Words, accompanied by soothing narration, appear over the images long enough for the audience to absorb each factoid.

"New runners: $90. Pencil crayons with bonus sharpener: $5.99. An education: Priceless. For everything else there’s…"

Fade out.

As illustrated by the scenario above, back to school shopping is a universal parental nightmare. But we do it because we believe than an education is indeed, priceless. If a Sponge Bob Squarepants backpack makes school more exciting, it’s worth it.

This is important to remember because even a modest spree, such as the one Spousal Equivalent and I indulged in, can result in heart attack-inducing bills.

However, it wasn’t the associated costs of sending Number One and Two back to school looking a little less like extras from Les Miserables that caused me cardiac grief. Shelling out for clothes and specialty supplies was fine. It was coughing up cash for basic supplies such as pencils, paper, erasers and glue sticks that irked me. I considered organizing a protest.

Unfortunately, before I could even get a phone tree together, my attention was swiftly diverted by media intent on whipping me into a frenzy about the inevitability of a teachers’ strike. That particular outrage only lasted until I realized our school district defined "day," as it applied to the first day of school, as a unit of time being 90 minutes in duration.

Upon quiet reflection I concluded that these mid-size irritants were part of a greater conspiracy. Get parents angry about having to buy exercise books, arranging unexpected childcare or incurring the extra costs associated with a four-day week and we’re not going to be worried about the bigger issues surrounding that priceless education, like credentialing.

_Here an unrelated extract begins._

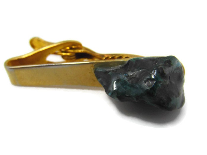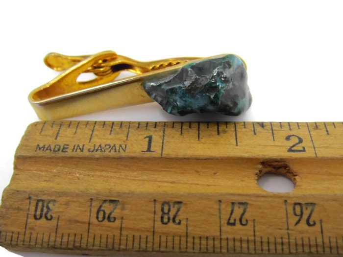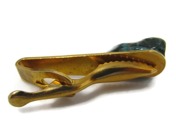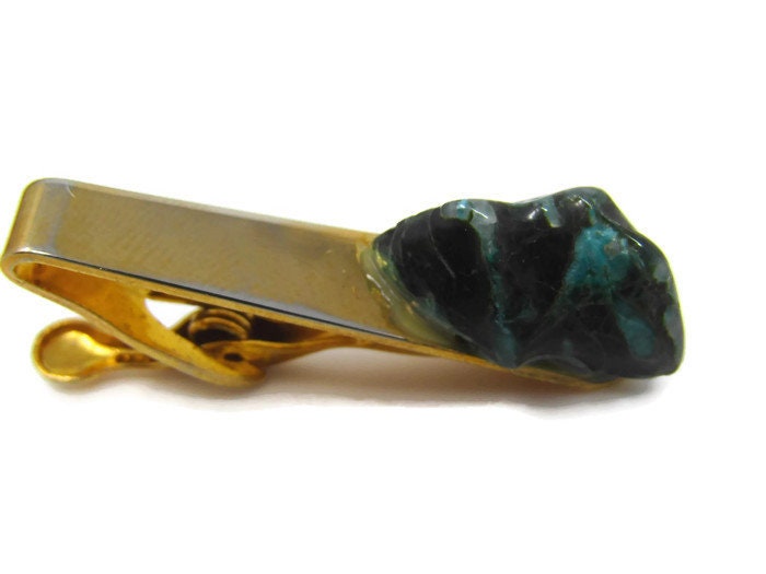 Blue Black Stone Tie Clip Vintage Tie Bar: Gold Tone Body

Credentialing essentially means doing the minimum to get through a course of study to get on to the next thing. It’s the English 100 course everyone has to take in first year college. It’s the program designed to teach students a specific set of skills to do a specific job. It’s the development of a list of traits that will suitably match the requirements of the job market. In short, credentialing is the antithesis of the classical education that used philosophy and literature to teach students how to think. Instead of acquiring a foundation of knowledge designed to generate ideas, students learn how to interpret the ideas of others.

What does this have to do with public school age kids? The public education system has become little more than a set of hoops that prepares students for a post-secondary education that is basically an advanced set of hoops.

Elementary and secondary school, curriculum is often tired and close to irrelevant.

Evidence? Woefully out of date textbooks (some from the early ’80s) are being used to teach social studies, the consequence being that students are being taught about a world that no longer exists. S.E. Hinton’s 1967 novel The Outsiders , about a bunch of disenfranchised urban youth in New York, is still being taught to Grade 8s in rural B.C. And at a time when harm reduction models are being discussed as a way of dealing with drug and alcohol issues, the "just say no" anti-drug DARE program is featured in elementary schools.

The development of critical thinking skills is not a priority. Get kids from one academic hurdle to the next with adequate reading, writing and arithmetic and success can be heralded.

Tests today increasingly run towards short answer and multiple-choice styles. While these test formats are undoubtedly quicker to mark than those composed of essay questions, the results offer little proof of anything other than memorization of key facts. Analysis appears to hold less value than it did even 25 years ago.

And discussion-generating subjects, like ethics, are now educational taboo in our politically over-cautious society.

By removing all vestiges of critical thinking – which begins with teaching kids how to think – from the public school system, we’re supporting credentialing and a world where ideas will be accepted instead of challenged. Eventually, what was considered priceless could end up being worthless.

Welcome to the school year. And remember, when in doubt, think critically.